Já pouco se fala de Covid-19 e são, agora, poucos os locais em que a utilização de máscara é obrigatória. Isso significa que estamos salvos de outra pandemia? O investigador britânico Jeremy Farrar, diretor da fundação Wellcome Trust, que financia investigações sobre saúde, diz que a sua experiência em epidemias como as provocadas pelos surtos de Sars e Ébola, faz com que tenha uma posição mais defensiva.

“Eu ficaria menos otimista com o fim da pandemia. O mundo tem imunidade agora, em grande parte. Mas ainda pode haver surpresas nesta pandemia”, afirmou, numa entrevista ao Guardian, Farrar, que fará parte da equipa da Organização Mundial da Saúde este ano.
Neste momento, a sua principal preocupação é a China, que, segundo o especialista, “não oferece uma total transparência sobe os casos, as mortes e o impacto” que o vírus está a ter, agora que as medidas foram aliviadas. E como no resto do mundo as taxas de transmissão continuam a ser uma constante, Farrar reforça a ideia de que é importante ter novas vacinas.
“Não estamos numa posição boa o suficiente para ter certeza de que isto [a pandemia] não voltará até que possamos ter as vacinas que bloqueiam a transmissão. Não sei se é possível, mas acho que a ambição deve manter-se até o final desta década ou o mais rápido possível”, refere. “Acho que, se permitirmos que esta quantidade de vírus continue a circular, corremos constantemente o risco de haver uma nova variante”.

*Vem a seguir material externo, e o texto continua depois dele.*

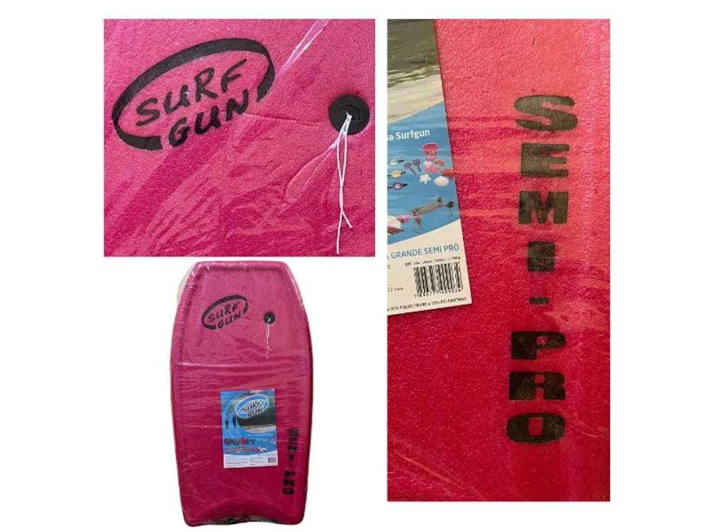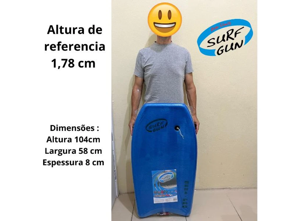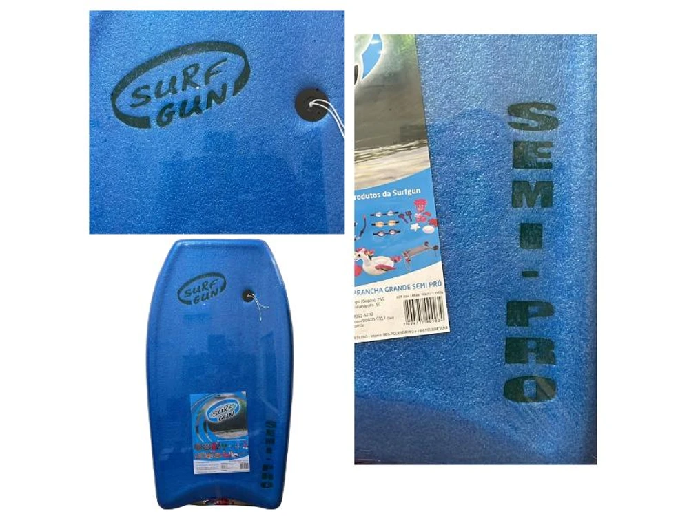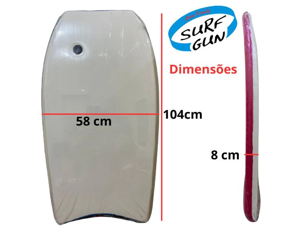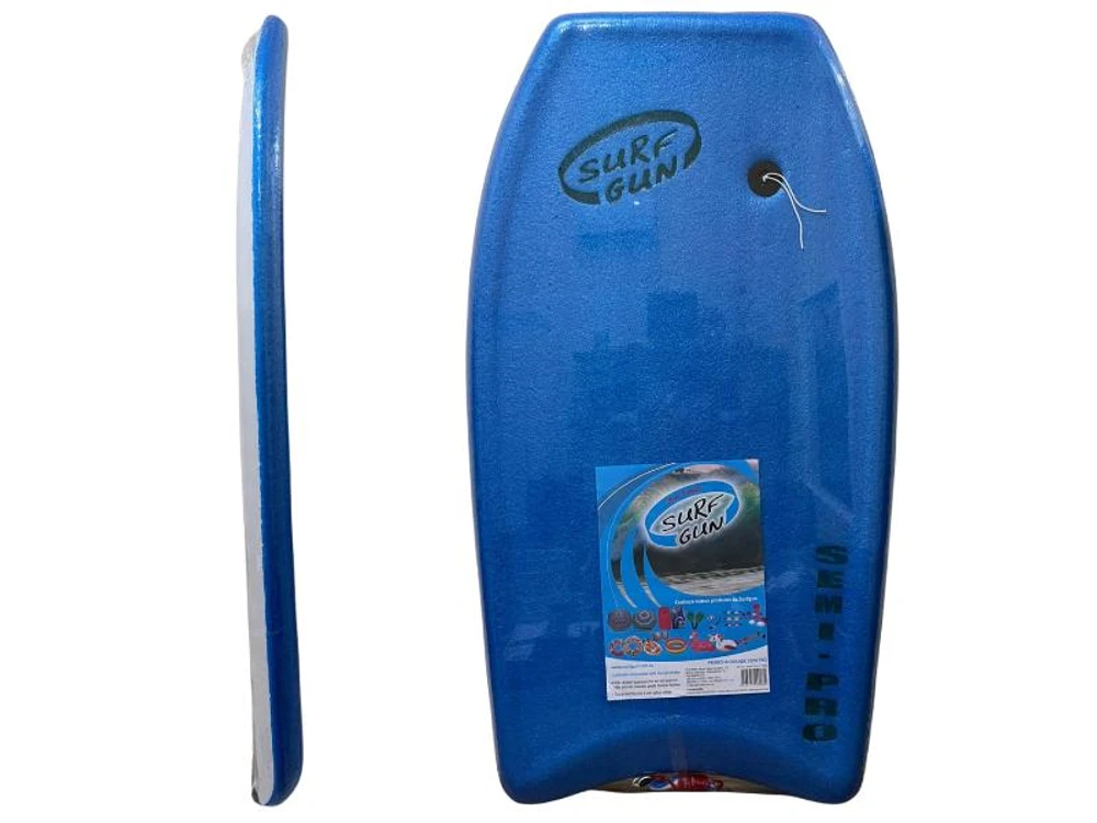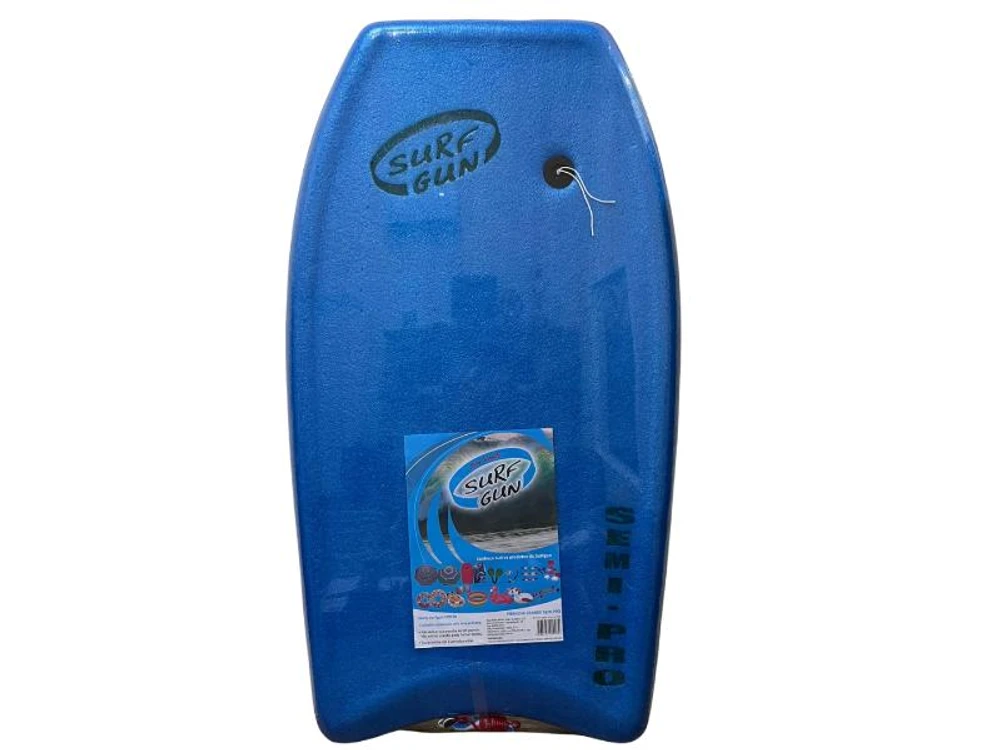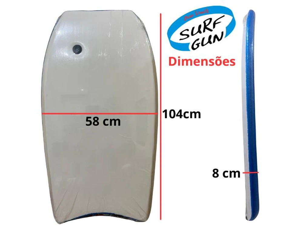 Tenha mais emoção da prancha bodyboard modelo grande Semi Pro da Surf Gun. Com um comprimento de 104 cm e largura de 58 cm, esta prancha é perfeita para aqueles que estão começando a sua jornada no bodyboard. Temos duas cores a disposição azul e vemelho, cores vibrantes e bonitas. adiciona um toque de estilo, mas também aumenta a visibilidade na água.

O especialista avisa também que “a pandemia de Covid-19 não impede que surja outro vírus”, referindo que o que pode vir depois pode não ser uma outra variante do coronavírus, mas sim uma gripe ou algo semelhante. Exemplo disso é o H5N1, ou gripe aviária, que circula entre os animais e que faz com que exista a necessidade de os isolar.
“A atual pandemia do vírus H5N1 é uma questão realmente preocupante”, alerta Farrar. Segundo o especialista, historicamente, das centenas de pessoas que foram infetadas pelo vírus, 30% morreram. “Acho que não vamos enfrentar esse cenário, mas se permitirmos que um vírus aviário, ao qual nenhum de nós tem imunidade, continue a circular nas aves e, cada vez mais venha para o setor de mamíferos e, portanto, começar a adaptar-se, há um risco aí. Não podemos quantificá-lo, mas não temos uma vacina H5N1 pronta amanhã.”
A iminência de uma nova pandemia não é a única preocupação de Jeremy Farrar. O investigador garante que os profissionais de saúde no mundo inteiro ainda não recuperaram de todo o esforço da pandemia. “Esta é uma questão global, que eu acho extremamente preocupante”, afirma. “A resiliência dos profissionais de saúde, amplamente definida como motoristas de ambulância, enfermeiras, médicos, profissionais de assistência social, etc., está destruída. Eles estão absolutamente destruídos”, afirma.
Profissionais cansados, desmotivados e exaustos, segundo Farrar, não são profissionais capazes de aguentar outra vaga. “A resiliência dos profissionais de saúde em todo o mundo é muito fraca neste momento, e as pessoas estão a deixar estas profissões”, declara. “Se tentarmos espremer as pessoas além da sua capacidade, elas não estarão lá quando precisarmos delas”, reforça, garantindo que é preciso investir nestas profissões e nos seus métodos de trabalho, para estarmos mais preparados caso ocorra “outro evento” nos próximos cinco a 10 anos.